**Aim of the task**
The answer is to be the lines of the material from its start through the line containing "夏休み、さまざまなことを経験", each copied exactly; no pictures.
START Source material
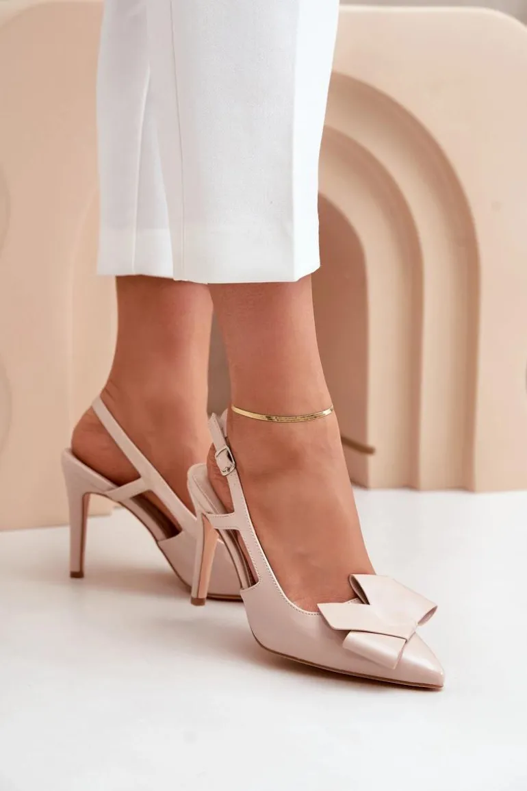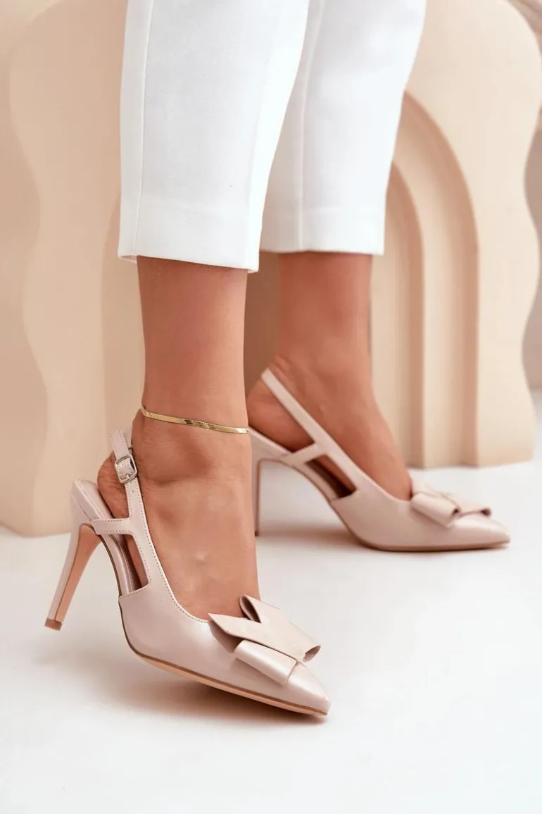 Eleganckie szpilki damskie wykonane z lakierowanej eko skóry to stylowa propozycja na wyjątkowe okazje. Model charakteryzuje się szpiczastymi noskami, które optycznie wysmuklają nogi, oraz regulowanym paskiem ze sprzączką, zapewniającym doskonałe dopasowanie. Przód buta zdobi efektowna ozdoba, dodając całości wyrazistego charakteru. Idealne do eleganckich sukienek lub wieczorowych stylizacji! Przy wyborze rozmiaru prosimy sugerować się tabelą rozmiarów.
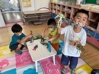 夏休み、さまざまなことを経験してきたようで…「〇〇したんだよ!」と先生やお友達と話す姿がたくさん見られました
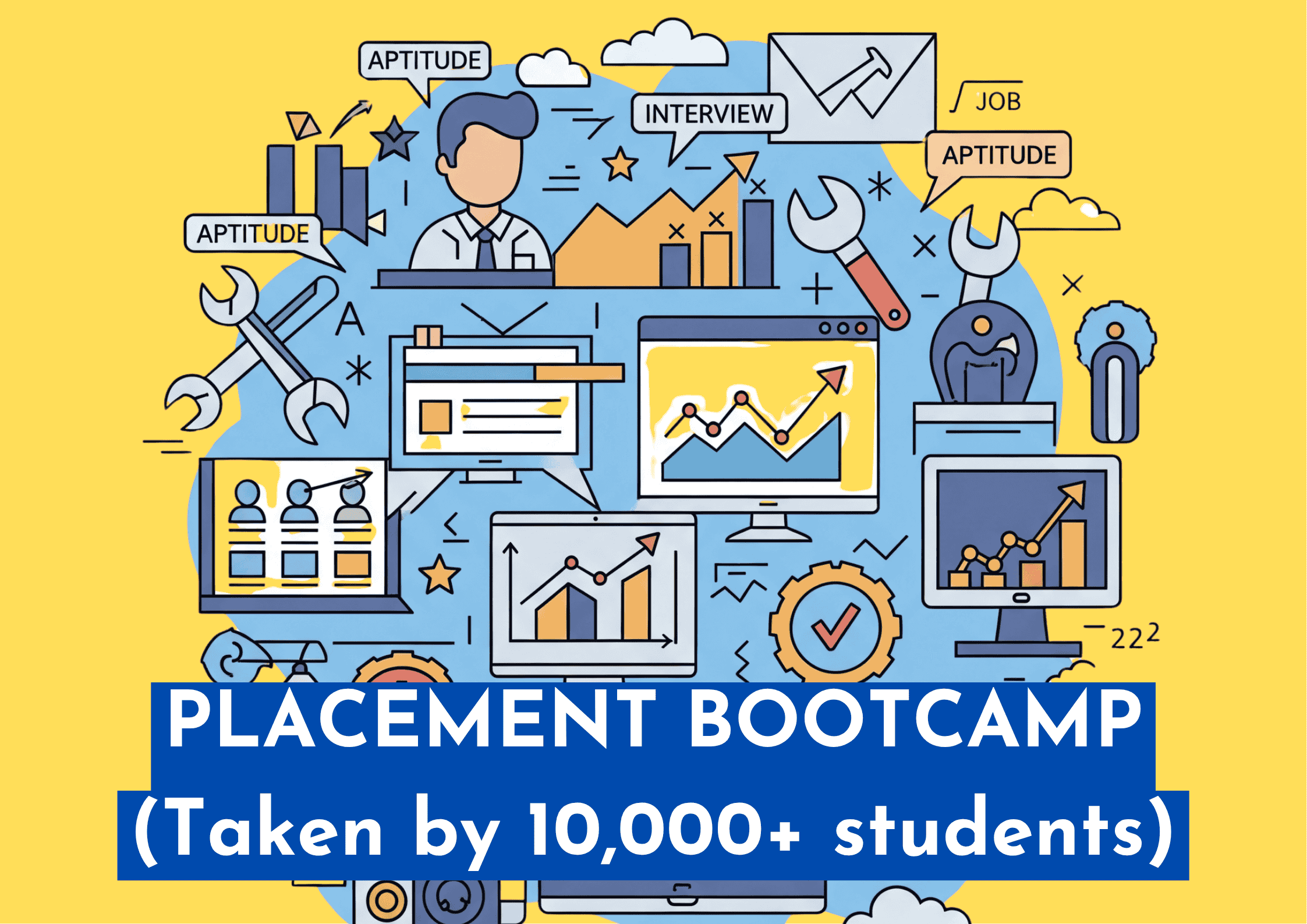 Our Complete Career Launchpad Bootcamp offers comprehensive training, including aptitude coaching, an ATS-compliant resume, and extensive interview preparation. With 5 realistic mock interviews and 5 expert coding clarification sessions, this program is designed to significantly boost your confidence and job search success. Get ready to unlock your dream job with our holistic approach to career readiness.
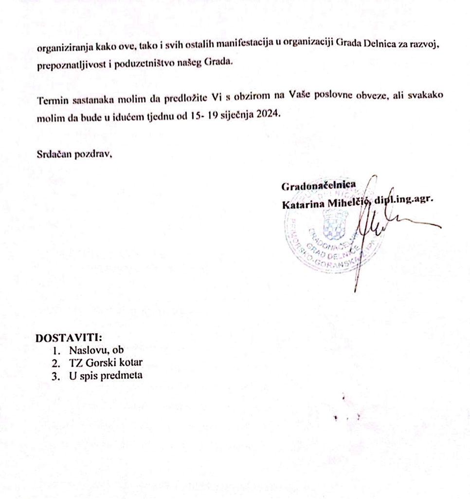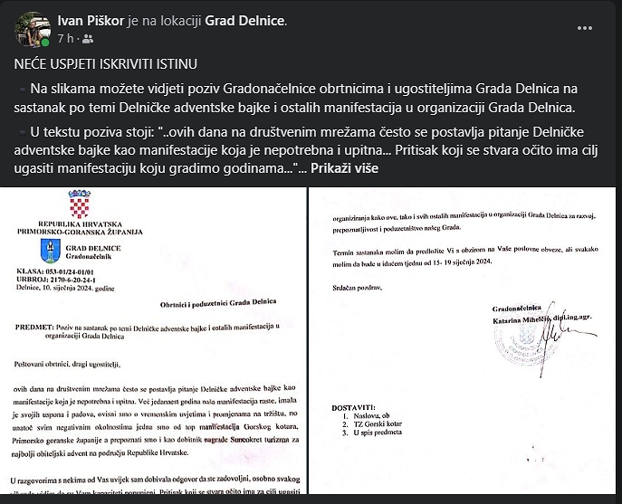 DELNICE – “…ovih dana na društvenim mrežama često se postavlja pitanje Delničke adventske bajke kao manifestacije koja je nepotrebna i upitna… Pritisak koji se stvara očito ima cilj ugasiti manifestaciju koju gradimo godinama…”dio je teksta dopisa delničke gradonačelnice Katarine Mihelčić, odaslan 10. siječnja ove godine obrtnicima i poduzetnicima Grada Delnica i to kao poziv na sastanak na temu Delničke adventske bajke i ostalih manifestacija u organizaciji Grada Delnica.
END Source material
**Response below**
 Eleganckie szpilki damskie wykonane z lakierowanej eko skóry to stylowa propozycja na wyjątkowe okazje. Model charakteryzuje się szpiczastymi noskami, które optycznie wysmuklają nogi, oraz regulowanym paskiem ze sprzączką, zapewniającym doskonałe dopasowanie. Przód buta zdobi efektowna ozdoba, dodając całości wyrazistego charakteru. Idealne do eleganckich sukienek lub wieczorowych stylizacji! Przy wyborze rozmiaru prosimy sugerować się tabelą rozmiarów.
 夏休み、さまざまなことを経験してきたようで…「〇〇したんだよ!」と先生やお友達と話す姿がたくさん見られました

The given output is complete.